Google ‘cruelty free food’ and a plethora of vegan dishes will appear. As veganism gains pace, the equation of ‘cruelty-free’ and ‘vegan’ is going mainstream. It is worrying and problematic: this cruelty-free label rarely includes any discussion concerning the origin of fruits, vegetables and grains. Branding produce as ‘cruelty-free’ simply because it is not an animal product refuses to recognise the pain endured by these workers, who are already almost invisible. Lacking any representation and often framed as more expendable and less “grievable” these workers disproportionately suffer the cost of racism and classism. The association of the term ‘cruelty-free’ with vegan dishes is a grotesque contrast.

The issue is ultimately transparency in supply chains. We cannot boycott our way into a “cruelty-free” zone: the products of slave labour are often indistinguishable from their more ethical counterparts. Even leading anti human-trafficking philanthropist and founder of eBay, Pierre Omidyar , failed to detect such a case. Omidyar invested large sums of money in a pineapple plantation in Hawaii, which was subsequently exposed as being part of the Global Horizons scandal, the largest human trafficking case in US history. Choosing products based on location also doesn’t work. Leading anti-slavery organisations have warned against boycotting specific areas, as this is likely to harm ethical enterprises which are already exposed to unfair competition (as their rivals pay their workforce next to nothing) and economic vulnerability – a key factor in exploitation. Local produce doesn’t imply cruelty-free, as highlighted by the recent Modern Day Slavery Forum hosted at the University of Exeter. Shaun Sawyer, Chief Constable of Devon and Cornwall and national policing lead for modern slavery, was quick to point out how trafficking and abuse had been found in Devon’s agricultural sector. This is unsurprising, as trafficking is profitable and hard to detect – making it organised crime’s preferred offence.

WE CANNOT BOYCOTT OUR WAY INTO A “CRUELTY-FREE” ZONE

Nonetheless, there is some progress.
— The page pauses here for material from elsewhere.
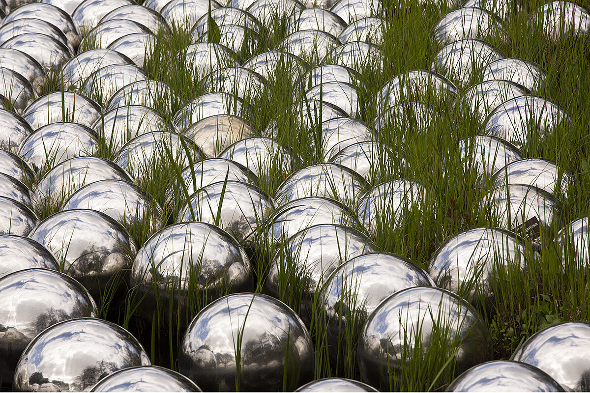 A close-up shows some of the 1,400 steel spheres in “Narcissus Garden,” installed in the 230-foot-long water feature of the native plant garden.

The 2015 Modern Slavery Act requires all businesses to issue a yearly report detailing the presence of slavery at any stage in their production chain and if any steps have been taken to address the issue. Companies are eagerly seizing the opportunity to gain positive publicity. Nonetheless, the issue remains pressing for products sourced abroad, especially in impoverished countries where slavery is rife. Chocolate is a representative example. People are aware that it takes more than a vegan label to make chocolate ethical, as child slavery is rife in cocoa plantations in West Africa and Brazil, where most raw cocoa comes from. Many international corporations – such as Mars – have come under fire for declaring they were unaware where their materials came from.
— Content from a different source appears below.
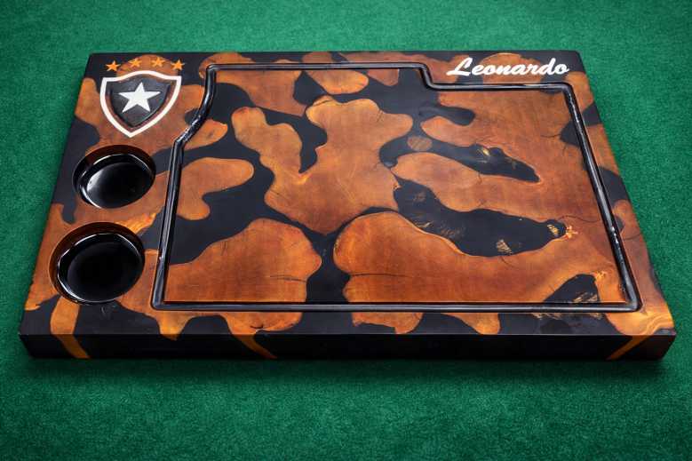 Nossa tábua de churrasco é produzida em madeira maciça, garantindo alta resistência, durabilidade e presença marcante na sua área gourmet.

Sadly, the rest of the agricultural market remains neglected. The vegan narrative – one which relies so heavily on the “cruelty free” label – is inadvertently amplifying romantic notions of crop-harvesting. The risk is that as companies seek to profit from the equation of veganism and cruelty-free, the marketing machine will make this notion so widespread it will be impossible to shatter. These workers have no voice: it is our duty to recognise their deaths are in our salads.